In vivo three-photon microscopy of subcortical structures within an intact mouse brain

Two-photon fluorescence microscopy 1 enables scientists in various fields including neuroscience 2 , 3 , embryology 4 and oncology 5 to visualize in vivo and ex vivo tissue morphology and physiology at a cellular level deep within scattering tissue. However, tissue scattering limits the maximum imaging depth of two-photon fluorescence microscopy to the cortical layer within mouse brain, and imaging subcortical structures currently requires the removal of overlying brain tissue 3 or the insertion of optical probes 6 , 7 . Here, we demonstrate non-invasive, high-resolution, in vivo imaging of subcortical structures within an intact mouse brain using three-photon fluorescence microscopy at a spectral excitation window of 1,700 nm.
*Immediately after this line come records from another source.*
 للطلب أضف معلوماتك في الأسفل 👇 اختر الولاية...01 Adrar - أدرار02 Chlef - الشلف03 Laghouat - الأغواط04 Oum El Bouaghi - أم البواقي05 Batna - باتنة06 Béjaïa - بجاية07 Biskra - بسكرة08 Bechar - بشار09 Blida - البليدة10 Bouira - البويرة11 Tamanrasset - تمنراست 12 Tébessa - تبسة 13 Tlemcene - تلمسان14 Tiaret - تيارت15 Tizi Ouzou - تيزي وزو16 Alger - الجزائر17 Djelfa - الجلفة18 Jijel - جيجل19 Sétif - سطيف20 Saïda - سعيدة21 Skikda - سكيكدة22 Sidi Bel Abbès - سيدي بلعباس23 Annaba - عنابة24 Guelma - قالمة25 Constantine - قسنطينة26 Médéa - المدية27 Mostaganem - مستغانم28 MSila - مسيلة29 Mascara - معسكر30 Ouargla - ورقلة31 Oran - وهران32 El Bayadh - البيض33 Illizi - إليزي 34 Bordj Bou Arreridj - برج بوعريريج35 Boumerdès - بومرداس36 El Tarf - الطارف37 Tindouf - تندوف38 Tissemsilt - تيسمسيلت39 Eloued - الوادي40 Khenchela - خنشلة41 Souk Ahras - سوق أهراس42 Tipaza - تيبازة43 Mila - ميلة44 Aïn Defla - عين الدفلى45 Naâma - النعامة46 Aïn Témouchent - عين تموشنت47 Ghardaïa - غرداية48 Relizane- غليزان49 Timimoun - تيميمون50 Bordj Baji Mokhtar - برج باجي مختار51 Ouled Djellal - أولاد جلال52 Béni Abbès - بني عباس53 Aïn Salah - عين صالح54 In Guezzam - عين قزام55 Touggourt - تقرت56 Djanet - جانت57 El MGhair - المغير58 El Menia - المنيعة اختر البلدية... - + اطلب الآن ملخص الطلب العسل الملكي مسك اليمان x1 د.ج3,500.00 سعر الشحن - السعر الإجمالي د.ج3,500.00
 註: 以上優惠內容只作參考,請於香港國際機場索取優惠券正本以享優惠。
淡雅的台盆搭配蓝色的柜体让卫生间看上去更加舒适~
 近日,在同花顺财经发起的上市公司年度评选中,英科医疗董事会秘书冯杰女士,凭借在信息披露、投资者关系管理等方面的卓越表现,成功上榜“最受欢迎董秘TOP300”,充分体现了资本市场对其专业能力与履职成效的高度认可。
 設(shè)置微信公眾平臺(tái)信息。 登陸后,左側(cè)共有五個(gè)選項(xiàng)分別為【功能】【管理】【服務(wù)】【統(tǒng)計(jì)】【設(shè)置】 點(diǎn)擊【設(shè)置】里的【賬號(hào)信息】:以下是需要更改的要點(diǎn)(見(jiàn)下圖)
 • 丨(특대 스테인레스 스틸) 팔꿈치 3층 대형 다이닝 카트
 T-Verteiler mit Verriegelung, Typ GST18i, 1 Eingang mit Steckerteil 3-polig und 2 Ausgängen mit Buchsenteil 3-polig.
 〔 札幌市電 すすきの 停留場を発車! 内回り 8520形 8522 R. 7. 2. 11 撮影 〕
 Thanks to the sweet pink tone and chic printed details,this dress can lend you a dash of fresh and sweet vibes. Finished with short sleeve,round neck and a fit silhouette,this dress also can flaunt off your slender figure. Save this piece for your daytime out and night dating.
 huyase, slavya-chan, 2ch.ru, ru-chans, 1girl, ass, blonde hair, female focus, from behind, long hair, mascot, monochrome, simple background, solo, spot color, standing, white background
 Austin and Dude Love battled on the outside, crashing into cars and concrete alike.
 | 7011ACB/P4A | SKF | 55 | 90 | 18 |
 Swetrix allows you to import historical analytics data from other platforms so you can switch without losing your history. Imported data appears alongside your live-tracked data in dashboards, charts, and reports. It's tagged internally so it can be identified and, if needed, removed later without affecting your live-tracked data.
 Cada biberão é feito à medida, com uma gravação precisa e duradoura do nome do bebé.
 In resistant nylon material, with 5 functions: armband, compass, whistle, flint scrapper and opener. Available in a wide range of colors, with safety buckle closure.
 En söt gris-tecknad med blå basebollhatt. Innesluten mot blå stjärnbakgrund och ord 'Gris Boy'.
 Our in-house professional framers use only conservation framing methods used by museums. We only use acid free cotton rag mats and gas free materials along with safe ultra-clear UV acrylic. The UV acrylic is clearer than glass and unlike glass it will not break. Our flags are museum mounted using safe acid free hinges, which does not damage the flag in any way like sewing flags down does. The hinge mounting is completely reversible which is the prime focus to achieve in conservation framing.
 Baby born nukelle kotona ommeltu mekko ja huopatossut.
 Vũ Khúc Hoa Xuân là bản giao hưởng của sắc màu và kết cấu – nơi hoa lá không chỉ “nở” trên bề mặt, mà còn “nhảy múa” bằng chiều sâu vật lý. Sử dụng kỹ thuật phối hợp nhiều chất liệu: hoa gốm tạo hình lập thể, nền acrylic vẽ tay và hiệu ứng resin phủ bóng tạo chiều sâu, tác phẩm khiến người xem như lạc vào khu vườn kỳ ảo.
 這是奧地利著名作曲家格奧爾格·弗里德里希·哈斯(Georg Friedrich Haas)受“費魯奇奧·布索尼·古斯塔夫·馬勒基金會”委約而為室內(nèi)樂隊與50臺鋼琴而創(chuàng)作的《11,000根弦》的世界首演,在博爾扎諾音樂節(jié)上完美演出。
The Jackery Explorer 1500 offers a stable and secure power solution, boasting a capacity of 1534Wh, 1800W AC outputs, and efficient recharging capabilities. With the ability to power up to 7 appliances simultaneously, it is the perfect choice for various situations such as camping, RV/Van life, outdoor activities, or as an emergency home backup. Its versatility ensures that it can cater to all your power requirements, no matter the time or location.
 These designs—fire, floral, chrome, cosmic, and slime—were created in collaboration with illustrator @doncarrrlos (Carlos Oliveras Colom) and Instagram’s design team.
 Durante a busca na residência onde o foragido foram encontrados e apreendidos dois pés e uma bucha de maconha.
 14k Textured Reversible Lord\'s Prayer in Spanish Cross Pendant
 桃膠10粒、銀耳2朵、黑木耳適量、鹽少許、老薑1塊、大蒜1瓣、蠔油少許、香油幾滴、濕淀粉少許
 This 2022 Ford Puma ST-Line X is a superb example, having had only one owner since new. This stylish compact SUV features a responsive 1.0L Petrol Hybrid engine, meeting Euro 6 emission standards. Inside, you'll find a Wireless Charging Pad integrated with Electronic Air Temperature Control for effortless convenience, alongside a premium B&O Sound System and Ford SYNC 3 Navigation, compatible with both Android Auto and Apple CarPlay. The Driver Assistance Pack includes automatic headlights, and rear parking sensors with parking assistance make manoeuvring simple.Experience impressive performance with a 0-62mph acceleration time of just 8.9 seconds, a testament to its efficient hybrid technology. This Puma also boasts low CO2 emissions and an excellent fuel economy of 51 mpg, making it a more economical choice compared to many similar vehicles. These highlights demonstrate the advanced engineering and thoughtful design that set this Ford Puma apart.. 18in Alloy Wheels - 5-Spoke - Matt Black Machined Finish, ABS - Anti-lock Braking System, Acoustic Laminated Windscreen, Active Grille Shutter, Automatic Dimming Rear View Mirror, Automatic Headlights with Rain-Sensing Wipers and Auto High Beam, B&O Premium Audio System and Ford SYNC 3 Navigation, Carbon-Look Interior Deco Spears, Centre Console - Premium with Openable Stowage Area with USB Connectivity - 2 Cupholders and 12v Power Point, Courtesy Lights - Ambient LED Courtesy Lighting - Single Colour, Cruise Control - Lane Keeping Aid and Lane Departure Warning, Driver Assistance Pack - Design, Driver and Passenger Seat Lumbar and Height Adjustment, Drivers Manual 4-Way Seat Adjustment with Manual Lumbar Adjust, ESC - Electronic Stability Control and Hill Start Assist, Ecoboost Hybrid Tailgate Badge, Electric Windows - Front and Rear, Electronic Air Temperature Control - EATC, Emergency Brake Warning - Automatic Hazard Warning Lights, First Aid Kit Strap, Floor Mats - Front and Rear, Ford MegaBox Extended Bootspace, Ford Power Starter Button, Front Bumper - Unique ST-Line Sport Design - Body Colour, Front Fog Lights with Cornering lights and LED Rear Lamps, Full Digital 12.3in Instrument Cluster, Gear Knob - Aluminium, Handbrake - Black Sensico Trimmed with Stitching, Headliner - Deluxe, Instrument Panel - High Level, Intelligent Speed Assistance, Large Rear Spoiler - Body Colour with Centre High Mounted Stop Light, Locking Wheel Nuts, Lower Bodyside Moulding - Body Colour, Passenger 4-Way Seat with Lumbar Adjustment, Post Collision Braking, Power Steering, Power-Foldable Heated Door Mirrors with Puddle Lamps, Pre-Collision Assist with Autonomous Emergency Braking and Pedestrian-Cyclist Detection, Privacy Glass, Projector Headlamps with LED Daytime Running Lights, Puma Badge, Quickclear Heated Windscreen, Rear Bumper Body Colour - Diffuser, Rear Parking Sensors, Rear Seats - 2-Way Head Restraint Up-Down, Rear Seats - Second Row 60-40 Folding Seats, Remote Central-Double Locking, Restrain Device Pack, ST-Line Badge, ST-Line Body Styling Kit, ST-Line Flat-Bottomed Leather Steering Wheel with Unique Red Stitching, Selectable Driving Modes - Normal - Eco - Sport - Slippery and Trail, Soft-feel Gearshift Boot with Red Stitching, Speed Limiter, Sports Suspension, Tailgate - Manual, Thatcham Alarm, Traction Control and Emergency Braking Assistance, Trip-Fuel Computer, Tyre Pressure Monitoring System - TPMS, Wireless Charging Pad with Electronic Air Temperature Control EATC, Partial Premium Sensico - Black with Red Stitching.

Vascular structures as well as red fluorescent protein-labelled neurons within the mouse hippocampus are imaged. The combination of the long excitation wavelength and the higher-order nonlinear excitation overcomes the limitations of two-photon fluorescence microscopy, enabling biological investigations to take place at a greater depth within tissue. Three-photon microscopy performed at the infrared wavelength of 1,700 nm makes it possible to image hard-to-reach vascular structures and labelled neurons in the hippocampus of a mouse brain.